Dom watched Lauren quickly glance at Glenn as the former Green Beret adjusted the strap of his rifle. Her face contorted in a worried expression for only a moment before she turned away. Dom had always suspected the two had once shared something more than friendship, but there wasn’t time to contemplate intra-ship relationships now. He signaled to Alden Jorgenson, one of the ship’s engineers. Alden tapped a touchscreen on a command console built into the bulkhead. The entire bay went dark before being filled with the dim red glow of the battle lights. A starboard-side hatch opened to reveal a black sky above roiling waters.

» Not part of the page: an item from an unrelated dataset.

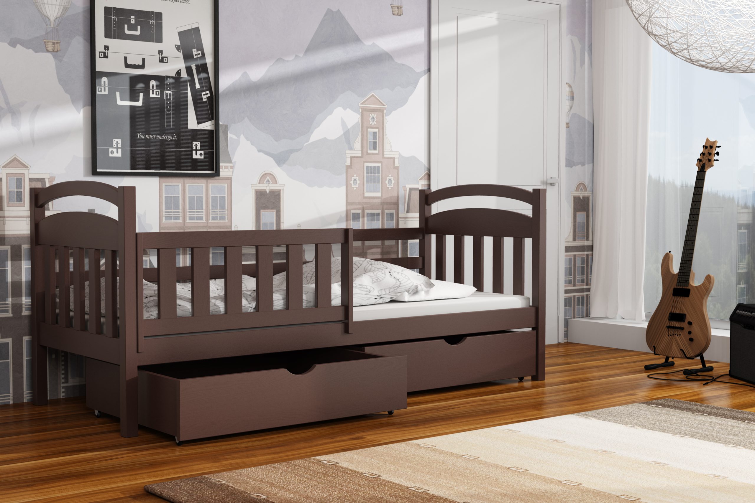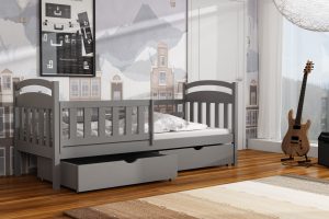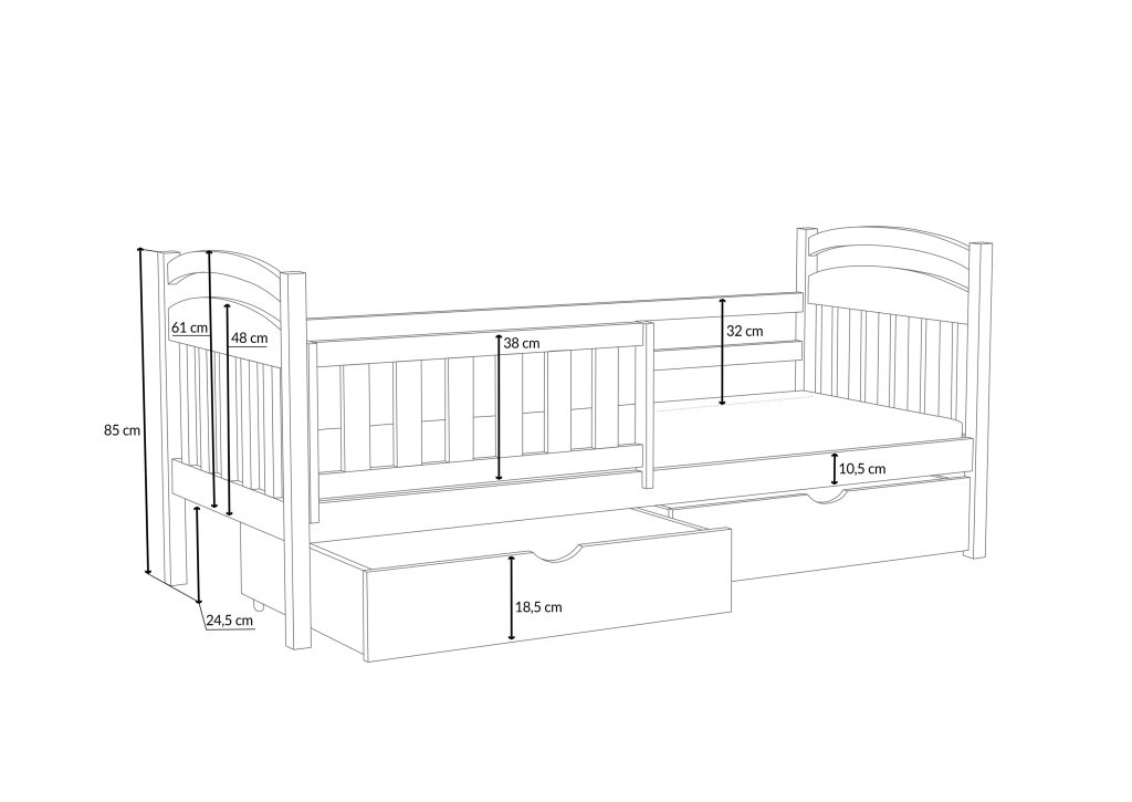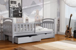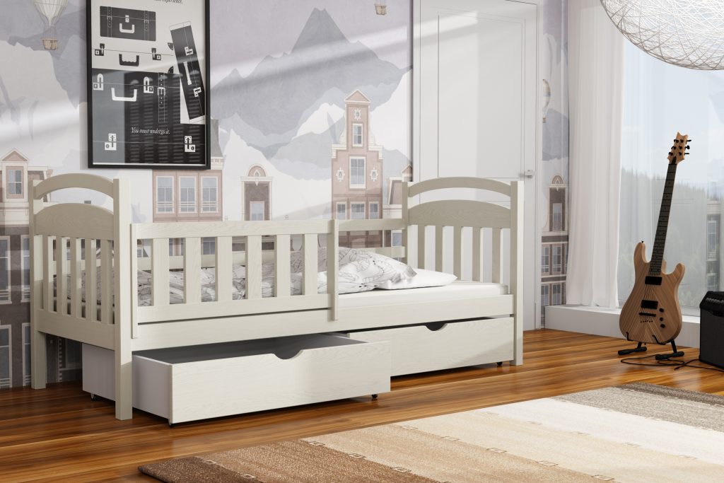 Łóżko Kubuś wykonano z najwyższej jakości drewna sosnowego i pokryto bezpiecznym lakierem wodnym, przyjaznym nawet dla alergików. Model dostępny jest w 12 rozmiarach i 11 kolorach, z opcjonalnymi szufladami oraz możliwością dodania wysuwanej części do spania. Warto pamiętać, że biały kolor może z czasem zmieniać odcień pod wpływem intensywnego działania promieni słonecznych. Dzięki elastycznym opcjom wyposażenia łóżko Kubuś łatwo dostosujesz do zmieniających się potrzeb Twojego dziecka.

Howling ocean winds pierced the inside of the ship and rattled against Dom’s suit. Alden’s fingers danced across the console again. A hoist and pulley system extended out above the churning ocean.

Two of the Hunters in biosafety suits clipped the first Zodiac to the small crane system.

“All right, we’re going to go six to a Zodiac,” Dom said. “Bravo, load up first.”

He watched the team board the small black craft and then disappear beyond the bulkhead as the Zodiac was lowered toward the ocean. When Alden raised the cables again, Hector and Jenna attached the second Zodiac. Dom boarded with them, joined by Miguel, Scott, and Glenn. He shot a hand signal to Alden, and they swung out over the rough Atlantic. The first Zodiac had already cleared the
Huntress
and drifted a couple dozen yards away.

The pulleys clinked as the cable was fed through them, and Dom looked back toward the open bay door. Illuminated by the dull crimson interior lights of the ship, Lauren leaned out. Her dark hair whipped about her face. The worried expression she wore turned to a weak smile when she caught his gaze.

The Zodiac hit the ocean’s surface, and a wave rolled over them. Hector and Jenna released the clasps holding the Zodiac to the cables. Given his experience as a former Navy SEAL, Hector took his spot as coxswain and adjusted the tiller on the craft. He directed the boat toward the first squad in open water.

A burst of distant lightning sliced the dark clouds rolling through the sky, and heavy rain started to pound against Dom’s suit. It reminded Dom of an old joke among SCUBA Divers:
Don’t go diving when it’s raining. You’ll get wet.
But he hardly felt like laughing. Another wave rocked the small craft, and Dom tightened his grip on the rubber gunwale. He didn’t want anybody, wet or not, ending up in the stormy ocean tonight.

The outboard motor’s low chugging intensified. They shot out westward into the night, toward the unknown against an enemy they’d seen only once in a grainy video feed. Already, the storm brewing above them threatened to upend their efforts and send them all into the sea. Just one of the many pleasures of hurricane season in the Atlantic.

Any other mission, Dom would’ve waited for better weather, a clearer night. But the nightmarish bioengineered weapons on the IBSL wouldn’t wait. They must be eliminated before they unleashed their horrors on the world.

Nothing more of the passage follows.